Professor Henderson looked at the problem from the source of those borrowed funds; viz., the federal government. (You can read that term as "we the taxpayers.")

"Direct federal loans have become the lifeblood of graduate education, and they shelter law schools financially from the structural changes affecting the profession. The bills are now coming due for many young lawyers, and their inability to pay will likely bring the scrutiny of lawmakers already moaning about government spending." Warnings about the reliance on federal dollars to undergird law school financial structures have been issued by knowledgeable people for many years, according to Dean Phoebe A. Haddon of the University of Maryland School of Law.

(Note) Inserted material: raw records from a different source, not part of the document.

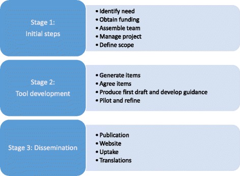 Conclusions: We recommend that anyone who would like to develop a new quality assessment tool follow the stages outlined in this paper. We hope that our proposed framework will increase the number of tools developed using robust methods.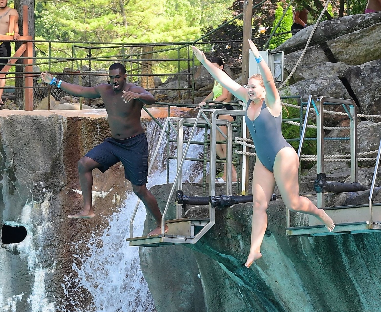 Le couple amoureux a partagé un baiser passionné en s’éclaboussant dans la piscine à vagues, avant de faire le saut de la foi depuis une falaise haute de 20 pieds. Ils ont tous deux crié d’excitation en sautant ensemble dans l’eau claire et bleue. Iskra semblait effrayée, mais Philip lui a assuré qu’elle serait en sécurité.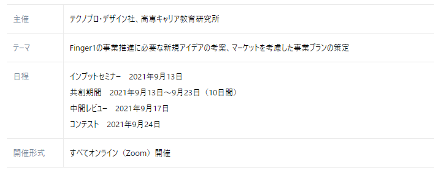 株式会社テクノプロ テクノプロ・デザイン社(以下、テクノプロ・デザイン社)は、株式会社高専キャリア教育研究所(以下、高専キャリア教育研究所)と共催で、高等専門学校の生徒を対象として「Finger1※ Start up challenge ! 〜テクノプロの「本物」の新規事業の未来を考える事業プランコンテスト〜」と題した、ビジネスプランコンテストを開催しました。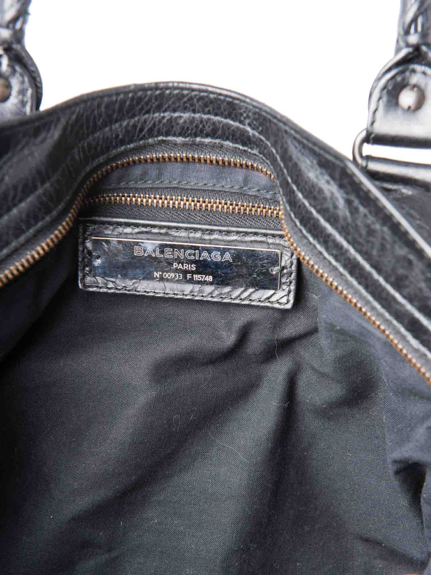 Balenciaga Vintage City Bag or . This tote is crafted in distressed black lambskin leather with brass tone hardware. The bag features hand-stitched rolled leather top handles, a frontal zipper pocket, leather belts and patches, and black buckles and studs. The top zipper opens to a black fabric interior with a zippered pocket.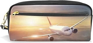 Avion Dans Le Ciel Au Coucher Du Soleil Portable PU En Cuir Crayon Cas De L'école Stylo Sacs Papeterie Pochette Grande Capacité Maquillage Cosmétique Sac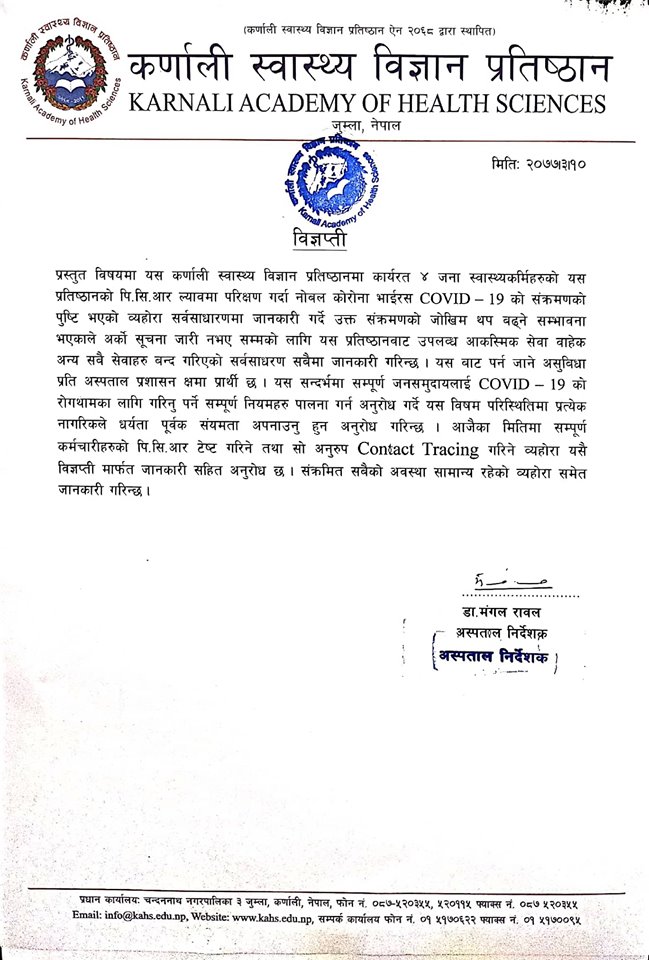 कर्णाली प्रतिष्ठानका ४ स्वास्थ्यकर्मीलाई कोरोना, अस्पतालका सेवा बन्द

But now, in the face of unemployed law school graduates who cannot repay their loans, Henderson poses the rhetorical question: "Why should the U.S. government, through the Department of Education direct-lending program, continue to make billions of dollars of loans to law students when structural changes in the legal market suggest that a large portion will lack the earning power to repay those loans?"

Why indeed, as the funding crisis of our state courts so clearly demonstrates, when tax dollars are declining and legislators confront difficult choices among many worthy programs (and specifically ones directed at homeland security and "widows and orphans") less important programs are eliminated or cut short?

Terminating federal funding of law school tuitions will result in many law schools closing their doors. Professor Henderson posits one outcome that many in our profession would welcome: "the Education Department using its accreditation authority to force law schools to demonstrate, as a condition of receiving federal loan money, a minimum threshold of employability and income upon graduation."

That would work.

1Boston College, Boston University, Northeastern, Suffolk, New England, Western New England, Massachusetts School of Law, UMASS, and Harvard.
2Vermont, University of New Hampshire, University of Maine, UCONN, Roger Williams, Quinnipiac, Yale.
3Harvard, Yale and Boston College.
4W.D. Henderson and R.M. Zahorsky, The Law School Bubble: How Long Will It Last If Law Grads Can't Pay Bills?, ABA Journal, January, 2012; republished with permission in Massachusetts Bar Association's Lawyers Journal, February 2012.